Shira Camp - a perfect location. |
I had nasty acid reflux
tonight, probably from the diamox. I
threw up before dinner and felt quite a bit better, which was good (This would become a regular occurrence for me - I think I was throwing up before almost every meal by the end as a side effect of the medication and the altitude). We had cream of chicken soup and all sorts of
other wonderful treats, but all the food tasted like dirt and I had to force
myself to eat again. I heard this was a
side-effect of altitude and I’m really hoping that it goes away – having to not
enjoy eating and eating anyway for eight days would suck.
We took our diamox early and
I stopped drinking at dinner, so the sleeping was really very good. I did get up a few times, but not with the
frequency of the night before. People
who had climbed previously said it was important to get up during the night and
I’m glad I did – the stars outside were amazing and the snows up on the
mountain glowed in the dark. No camera
could capture that shot, but it will live forever in my dreams. She was there all night, watching over us –
encouraging us to keep going.
Kilimanjaro is one of the
most beautiful things in the world, especially by moonlight.
Some notes about our
fellow peeps:
- Jen loves to sing and has a gorgeous voice. She sang to me sometimes to keep me moving.

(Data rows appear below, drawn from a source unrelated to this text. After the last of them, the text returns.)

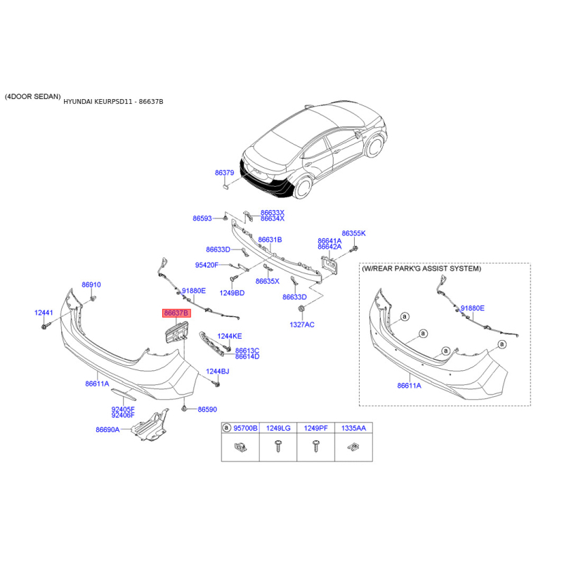 При отриманні замовлення перевіряйте комплектацію товару Кріплення підкрилка і бризковика нижнє 86652-3X000 Mobis.
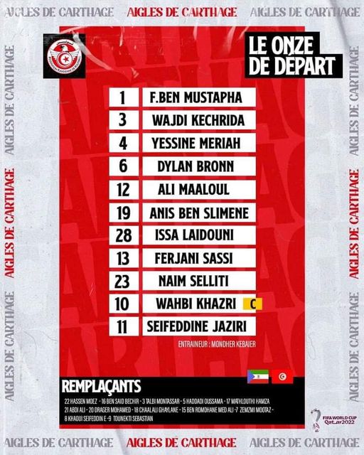 Suivez avec nous sur Kawarji à partir de 17h00 l'évolution du score de la rencontre de la sélection tunisienne en éliminatoires de la Coupe du Monde 2022 :
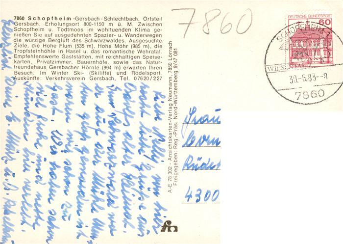 73928244 alte Postkarte Schlechtbach Schopfheim Schwarzwald Fliegeraufnahme postalisch gelaufen Erhaltung siehe scans [WerneD78] KatCode: 11110008336081
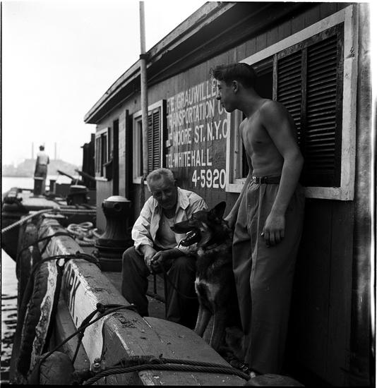 A Dog's Life in the Big City [Men with German Shepherd on a dock.]
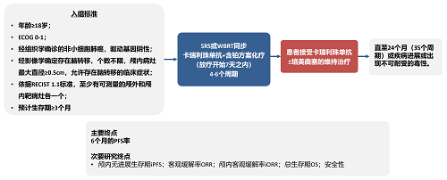 卡瑞利珠单抗是博天堂918医药自主研发的一种人源化IgG4单克隆抗体,其联合铂类双药化疗已在中国获批用于晚期NSCLC患者的一线治疗5,6。2023年,Ⅱ期CAP-BRAIN研究显示了卡瑞利珠单抗联合治疗方案作为晚期非鳞状NSCLC伴脑转移患者一线治疗的潜力7。本项Ⅱ期研究,旨在研究卡瑞利珠单抗联合脑放疗和铂类双药化疗在未经治疗的晚期非鳞状和鳞状NSCLC伴脑转移患者中的疗效和安全性。
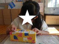 牛乳パックを画用紙で包み、タイヤを付けたり、画用紙の窓を付けたりしました。
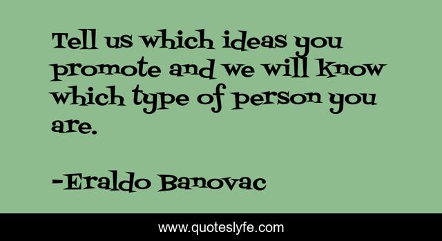 This page presents the quote "Tell us which ideas you promote and we will know which type of person you are.". Author of this quote is Eraldo Banovac. This quote is about confidence, sociology, psychology, positive, motivational, idea, ideas, optimistic, philosophy,.
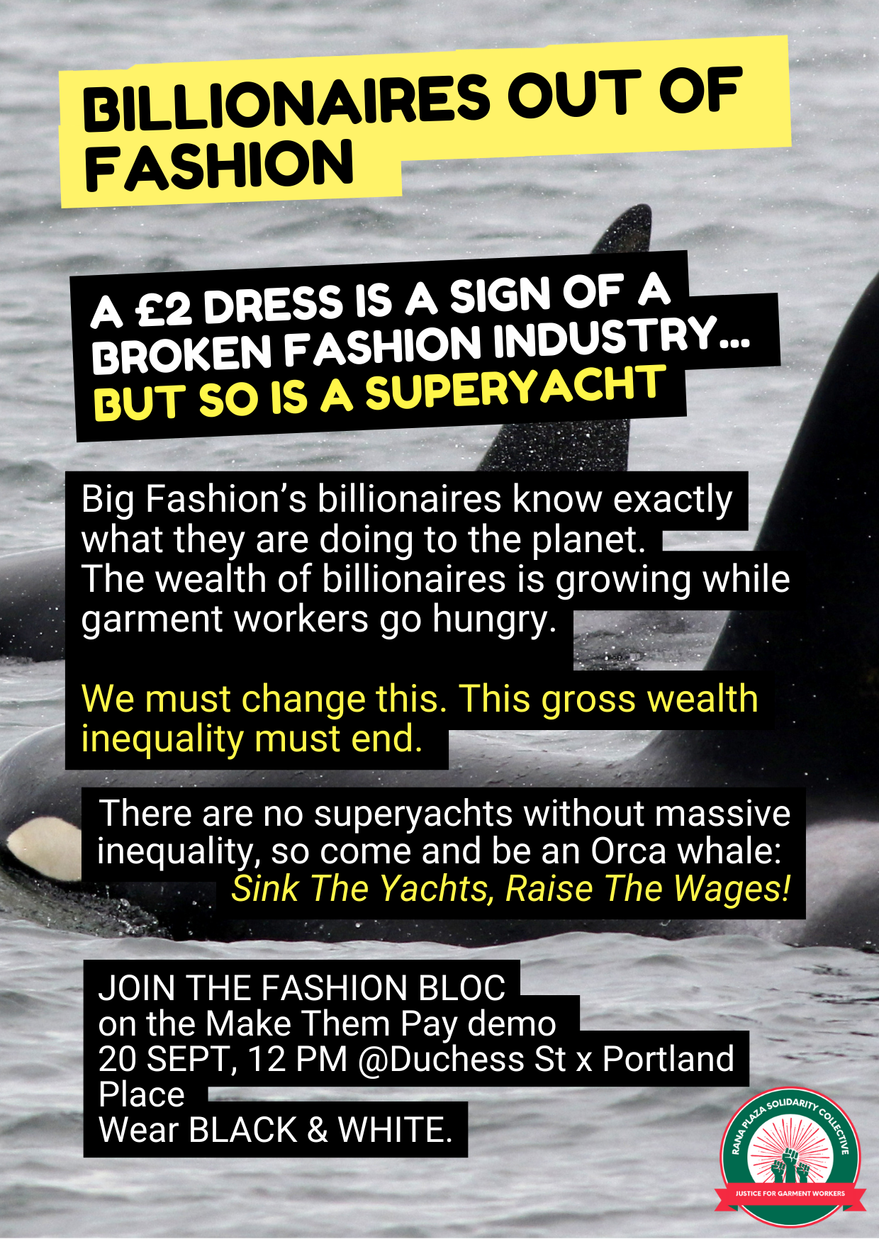 Because there are no superyachts without blinding inequality, because owning a superyacht is about the most harmful thing someone can do to the planet, and because Orca whales like flipping yachts over, we are teaming up with an entire pod of Orca whales to say Sink The Yachts, Raise The Wages!

- Sandi is obsessed with ass. It’s really very funny.
- Tim is a wanderer and a very old soul – he doesn’t use his camera much, but each picture he takes has great meaning.
- Our politics are all similar and we mesh very well – it feels good to talk amongst ourselves.
- I don’t think I could ask for a better group.
Shira One was one of my
favorite camps, along with our last camp at Mweka.